I KNOW WHERE I’M GOING

Director: Michael Powell, Emeric Pressburger

Country: United Kingdom

Year: 1945

Duration: 92 min

Languages: English / no subtitles

Original name: I Know Where I'm Going

Category: , ,

An ambitious middle-class woman (Wendy Hiller) from Manchester travels to the Hebrides, where she is planning to marry a significantly older, wealthy industrialist man. However, a storm prevents her from reaching her fiancé’s island, and she gets stuck in a nearby village, where she familiarises herself with the local life and meets a young Naval officer (Roger Livesey), after which she starts weighing out her original plan.

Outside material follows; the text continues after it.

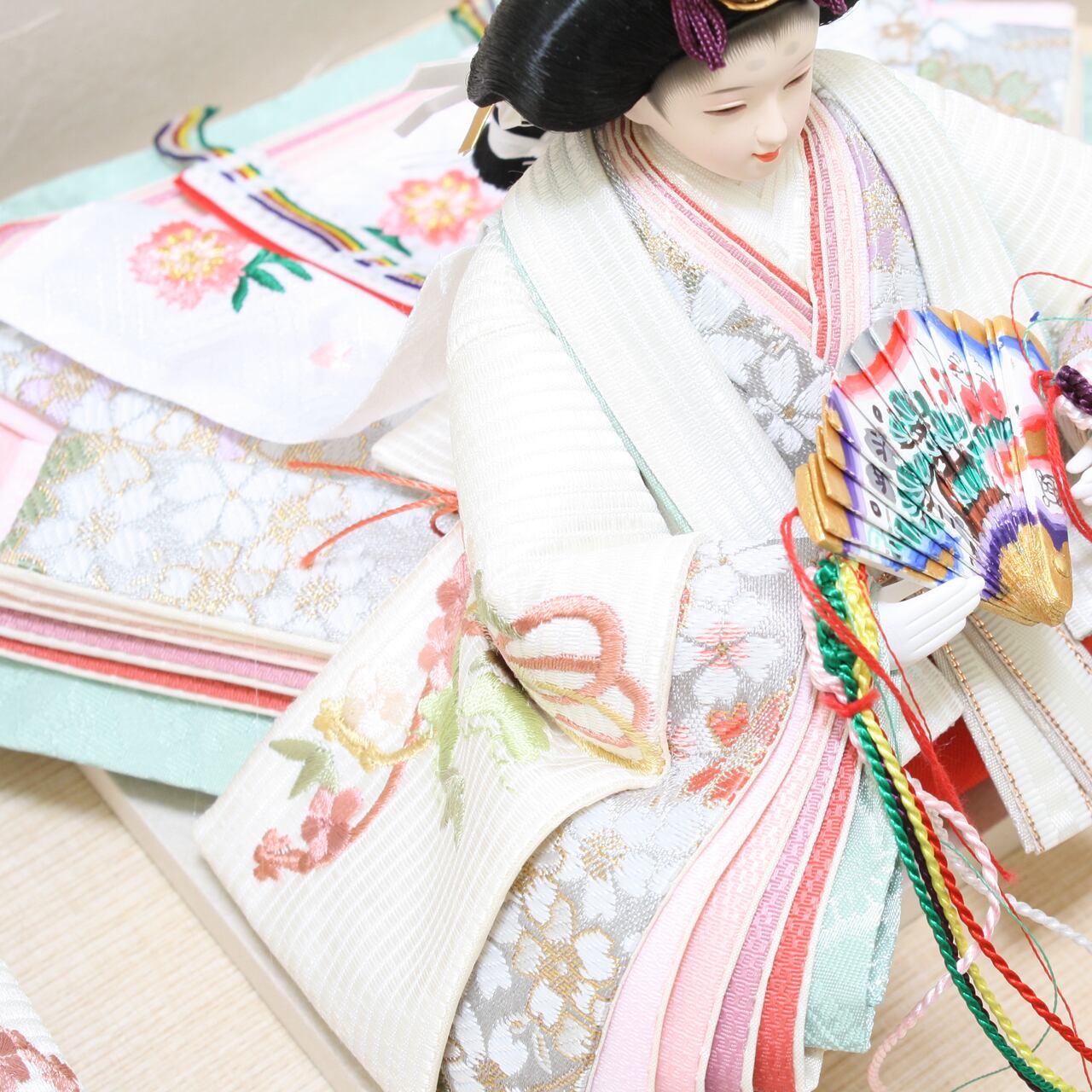 吉藤工房は、十二単の美しさにこだわりをもって雛人形づくりを行っています。正面から見たときはもちろん、横や後ろから見たときに衣装の美しさが際立つよう、0.5mm単位で縫製し、調整して制作しています。

The plot may not sound like anything special, but everything else in the hands of Powell and Pressburg is pure magic, because their brilliance lies in the overtones of their original and oddball execution. Their hectic and punchy style steers clear of that stale and dried up Britishness, in which each and every cut appears to be lethargically leaning towards the next teatime. Therefore, it is no surprise that Martin Scorcese considers I Know Where I’m Going a masterpiece to the highest degree and has perhaps stolen (with the help of his editor Thelma Schoonmaker, who married Powell in 1984) much for his own films’ nervously energetic whirlpools of montage from these sources. Raymond Chandler also understood the essence of the film, as he once elegantly put it:

”I’ve never seen a picture which smelled of the wind and rain in quite this way nor one which so beautifully exploited the kind of scenery people actually live with, rather than the kind which is commercialised as a show place.”